Mugged: Poverty in Your Coffee Cup. The recent Oxfam International report on the world coffee market and the effect of abysimal prices paid to farmers is the first study to make an accurate survey of the situation and suggest a course of action. To read their press release, click here. But you really need to download the full report (a PDF file) to adequately understand the situation. Also, take time to read Kraft and Nestle’s responses to the indictments against the “big 4” coffee companies…they also make some good points.

The recent coffee market : As you may know, the coffee market is at a record low, and it is hurting the farmers. Sweet Maria’s is paying fixed prices far above the market price for most coffees, but we have bought a couple excellent quality coffees this year, and honestly felt that the coffee was worth more.

Fair Trade Certified Coffee at Sweet Maria’s

One approach to making the coffee trade more equitable for farmers, to provide for a better standard of living in an unstable market and to ensure the future of quality coffee production, is to offer Fair Trade coffee. Sweet Maria’s offers some Fair Trade coffees certified by TransFair USA. We attempt to offer as many Fair Trade coffees as we possibly can, based on our blind cupping tests. The availability of these coffees is getting better each year, as more roasters and brokers sign on, but there are times when our selection is slim. I apologize about that. -Tom

What is Fair Trade? Fair trade is a concept that connects producers and consumers in more equitable, more meaningful and more sustainable ways. It happens through the development of consumer interest and the creation/cultivation of socially responsible importers. It is both values and market driven. With respect to the values upon which fair trade is based, find below the seven principles of the Fair Trade Federation (FTF), the largest association of fair trade organizations.

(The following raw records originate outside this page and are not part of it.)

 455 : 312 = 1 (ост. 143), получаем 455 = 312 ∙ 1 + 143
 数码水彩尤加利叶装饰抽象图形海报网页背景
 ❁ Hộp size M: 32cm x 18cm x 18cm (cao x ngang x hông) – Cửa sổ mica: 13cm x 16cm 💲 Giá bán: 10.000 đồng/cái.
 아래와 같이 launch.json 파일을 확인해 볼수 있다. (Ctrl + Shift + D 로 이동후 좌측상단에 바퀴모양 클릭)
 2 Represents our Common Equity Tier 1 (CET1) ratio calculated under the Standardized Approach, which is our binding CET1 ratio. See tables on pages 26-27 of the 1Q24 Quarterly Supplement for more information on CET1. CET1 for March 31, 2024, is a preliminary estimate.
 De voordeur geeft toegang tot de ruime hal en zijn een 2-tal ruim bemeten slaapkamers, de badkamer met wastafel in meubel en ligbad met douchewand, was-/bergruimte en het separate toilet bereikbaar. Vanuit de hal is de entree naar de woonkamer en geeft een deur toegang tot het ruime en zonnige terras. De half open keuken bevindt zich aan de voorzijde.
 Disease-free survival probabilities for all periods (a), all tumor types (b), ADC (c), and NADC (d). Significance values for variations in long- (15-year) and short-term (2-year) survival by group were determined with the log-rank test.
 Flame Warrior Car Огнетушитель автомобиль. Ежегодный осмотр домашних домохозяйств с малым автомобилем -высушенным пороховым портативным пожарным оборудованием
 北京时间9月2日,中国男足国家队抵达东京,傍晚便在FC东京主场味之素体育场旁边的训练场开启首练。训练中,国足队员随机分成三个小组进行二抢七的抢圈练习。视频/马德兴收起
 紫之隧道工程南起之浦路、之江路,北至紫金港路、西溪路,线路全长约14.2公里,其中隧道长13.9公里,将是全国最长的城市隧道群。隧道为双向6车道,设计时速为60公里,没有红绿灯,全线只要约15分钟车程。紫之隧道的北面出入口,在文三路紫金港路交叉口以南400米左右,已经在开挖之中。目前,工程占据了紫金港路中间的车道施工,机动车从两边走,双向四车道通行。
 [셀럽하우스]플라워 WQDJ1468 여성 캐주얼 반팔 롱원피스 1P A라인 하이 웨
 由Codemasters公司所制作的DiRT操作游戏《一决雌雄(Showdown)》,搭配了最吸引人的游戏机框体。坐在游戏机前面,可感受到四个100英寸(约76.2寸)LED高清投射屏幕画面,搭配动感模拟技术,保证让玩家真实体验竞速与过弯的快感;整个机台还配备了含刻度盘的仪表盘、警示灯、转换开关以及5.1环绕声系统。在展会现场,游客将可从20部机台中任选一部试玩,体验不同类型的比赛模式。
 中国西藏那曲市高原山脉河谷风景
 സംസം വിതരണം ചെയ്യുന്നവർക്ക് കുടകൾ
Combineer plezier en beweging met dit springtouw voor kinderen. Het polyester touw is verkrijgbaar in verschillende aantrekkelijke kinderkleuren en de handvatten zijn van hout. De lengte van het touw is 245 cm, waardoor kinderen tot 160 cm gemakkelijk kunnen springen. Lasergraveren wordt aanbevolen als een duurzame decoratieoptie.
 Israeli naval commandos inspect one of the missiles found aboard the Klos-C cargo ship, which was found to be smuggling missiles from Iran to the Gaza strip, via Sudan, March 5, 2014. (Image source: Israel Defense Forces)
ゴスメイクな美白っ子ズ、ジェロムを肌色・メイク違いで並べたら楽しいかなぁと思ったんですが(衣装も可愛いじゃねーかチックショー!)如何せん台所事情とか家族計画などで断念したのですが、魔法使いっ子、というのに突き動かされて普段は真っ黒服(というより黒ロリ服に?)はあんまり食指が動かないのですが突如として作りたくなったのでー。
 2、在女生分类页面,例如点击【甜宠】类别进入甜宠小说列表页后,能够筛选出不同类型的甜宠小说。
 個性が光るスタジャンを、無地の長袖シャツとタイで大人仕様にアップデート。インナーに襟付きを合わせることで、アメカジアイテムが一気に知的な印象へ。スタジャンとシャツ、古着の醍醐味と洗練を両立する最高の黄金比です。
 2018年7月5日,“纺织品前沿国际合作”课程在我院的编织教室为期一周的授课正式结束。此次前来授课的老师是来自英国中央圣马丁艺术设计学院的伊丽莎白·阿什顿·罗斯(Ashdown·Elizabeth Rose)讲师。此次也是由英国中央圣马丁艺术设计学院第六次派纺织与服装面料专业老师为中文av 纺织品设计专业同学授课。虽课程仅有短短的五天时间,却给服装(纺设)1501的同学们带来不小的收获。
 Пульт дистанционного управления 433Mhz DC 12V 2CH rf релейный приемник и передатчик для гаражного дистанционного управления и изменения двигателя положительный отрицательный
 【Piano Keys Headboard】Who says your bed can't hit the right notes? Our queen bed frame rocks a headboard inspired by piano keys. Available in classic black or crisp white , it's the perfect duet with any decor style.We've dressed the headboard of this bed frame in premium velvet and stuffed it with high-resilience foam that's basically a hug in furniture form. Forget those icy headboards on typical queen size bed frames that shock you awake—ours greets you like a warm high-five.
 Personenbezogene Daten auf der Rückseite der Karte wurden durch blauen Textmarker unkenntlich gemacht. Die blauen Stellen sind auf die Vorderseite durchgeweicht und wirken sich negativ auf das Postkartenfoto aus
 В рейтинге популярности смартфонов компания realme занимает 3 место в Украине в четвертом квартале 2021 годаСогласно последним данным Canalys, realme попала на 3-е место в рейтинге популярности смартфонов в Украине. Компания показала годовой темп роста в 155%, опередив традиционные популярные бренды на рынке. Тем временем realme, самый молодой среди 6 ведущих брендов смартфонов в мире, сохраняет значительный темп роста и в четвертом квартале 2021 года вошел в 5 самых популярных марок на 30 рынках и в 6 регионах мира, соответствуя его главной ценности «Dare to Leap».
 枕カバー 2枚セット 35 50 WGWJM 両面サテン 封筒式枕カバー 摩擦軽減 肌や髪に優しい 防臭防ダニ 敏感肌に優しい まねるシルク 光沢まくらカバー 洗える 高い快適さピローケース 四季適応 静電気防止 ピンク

  • Fair wages Paying fair wages does not necessarily mean that products cost the consumer more. Since Fair Trade Organizations bypass exploitative middlemen and work directly with producers, they are able to cut costs and return a greater percentage of the retail price to the producers.
  • Cooperative workplaces Fair Trade Organizations work primarily with small businesses, worker owned and democratically run cooperatives and associations which bring significant benefits to workers and their communities.
  • Consumer Education Fair Trade Organizations educate consumers about the importance of purchasing fairly traded products which support living wages and healthy working conditions.
  • Environmental Sustainability Fair Trade Organizations encourage producers to engage in environmentally friendly practices which manage and use local resources sustainably.
  • Financial and Technical Support Small-scale farmers and artisans in the developing world lack access to affordable financing, impeding their profitability. FTF members that buy products directly from producers often provide financial assistance either through direct loans, prepayment or by linking producers with sources of financing.
  • Respect for cultural identity Fair Trade Organizations encourage the production and development of products based on producers’ cultural traditions adapted for Western markets.
  • Public Accountability FTF members’ finances, management policies, and business practices are open to the public and monitoring by the Fair Trade Federation.